Uh, Hello? GSE Reform?

10871_01clowns Uh, Hello? GSE Reform? BLOG VIEW: During one of the seemingly infinite number of Republican presidential candidate debates, Rep. Michele Bachmann considered the two front-runners as a merged force that she dubbed ‘Newt Romney.’ According to Bachmann, the former Massachusetts governor and the former speaker of the House of Representatives were so much alike that they could be mistaken for a single entity.

Bachmann wasn't far from wrong. In the past few weeks, Mitt Romney has spent endless hours and countless millions denigrating Newt Gingrich's one-time business relationship with Freddie Mac. Gingrich, for his part, turned his oratorical skills and Super PAC funds to questioning Romney's sizable investments in the government-sponsored enterprises (GSEs).

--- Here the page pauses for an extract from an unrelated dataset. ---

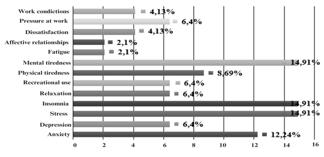 Other health problems were cited by the participants, with emphasis on physical fatigue and stress. Nursing work favors exposure to workloads, whether physical or mental, which cause, as consequences, damage to the worker's health. It is possible to state that the symptoms of stress can be considered risk factors for the consumption of alcohol and other licit and illicit drugs(16).

Indeed, the finger-pointing and insult-baiting by the candidates has become such an emetic experience that it is not difficult to wish that one could pull inspiration from the Three Stooges' Moe and clunk the candidates' heads together. By slinging mud about their respective GSE transactions from years past, Romney and Gingrich – and, by extension, the mainstream media that are pumping up this political circus – are ignoring the damaging problems created by today's GSEs.

Lest we forget, Fannie Mae and Freddie Mac have been in federal conservatorship since September 2008. Since then, they have soaked up billions of dollars in taxpayer funds without showing one penny of profit. Even worse, their executives have been pocketing seven-digit compensation for shoddy work.

The Obama administration, after a little more than three years in office, has yet to produce any solution – good, bad or indifferent – on GSE reform. The administration ignored GSE reform for its first two years, only to throw together a few crummy ideas (none of which carried a White House recommendation) for congressional consideration in early 2011. Last week, Treasury Secretary Timothy Geithner stated that the administration was eager to ‘make progress this year in building the foundation for reforms to the mortgage market in the United States, including a path for winding down the GSEs.’ But, of course, this was all talk and no solutions – after three years, Obama, Geithner and the rest of the administration have no clue on how to fix the mess.

Today's secondary market is almost entirely a government-owned and -operated affair. If it weren't for Redwood Trust, it would seem that the private-label market went the way of the dinosaurs.

There is also the question of the GSEs' regulator, the Federal Housing Finance Agency (FHFA), which has not had a director since August 2009. Under the bizarre leadership of Acting Director Edward J. DeMarco, the FHFA has created a unique environment for bipartisan agreement: both Democrats and Republicans agree that he is doing a terrible job. However, the White House is keeping him at the helm – there has been no talk of a new director since Joseph Smith's brief but aborted nomination to fill the post in late 2010.

So what happened to GSE reform as a campaign issue? President Obama, of course, is not going to raise the matter – his State of the Union speech last month made no mention of the GSEs, and maintaining the status quo plays into his political philosophy that bigger government equals better government.

But where is, to borrow Bachmann's line, ‘Newt Romney’? Considering that both men profited handsomely from their previous connections to Fannie Mae and Freddie Mac, it would seem highly peculiar for either of them to come out against the abuses in the GSE executive-compensation program.

And considering that both men have histories of encouraging extensive government participation in the housing market – Gingrich as a partner with President Bill Clinton in the mid-1990s, and Romney in his aggressive advocacy of state-financed affordable-housing endeavors during his single term as Massachusetts governor – they do not seem like the ideal representatives of shrinking government influence in housing.

Of course, there are two other candidates for the Republican nomination – Rick Santorum and Ron Paul – but neither of them are allowed to get a word in. During the contentious Republican primary in Florida, the Romney-Gingrich war became so intense, and the media's fixation on the duo was so overwhelming, that Santorum and Paul often seemed to be gadflies rather than active participants in the presidential race.

Without GSE reform, the housing market will remain inert or worse while taxpayers get soaked for hundreds of billions of dollars. And as long as the housing market is in critical condition, genuine economic recovery will remain an elusive fantasy.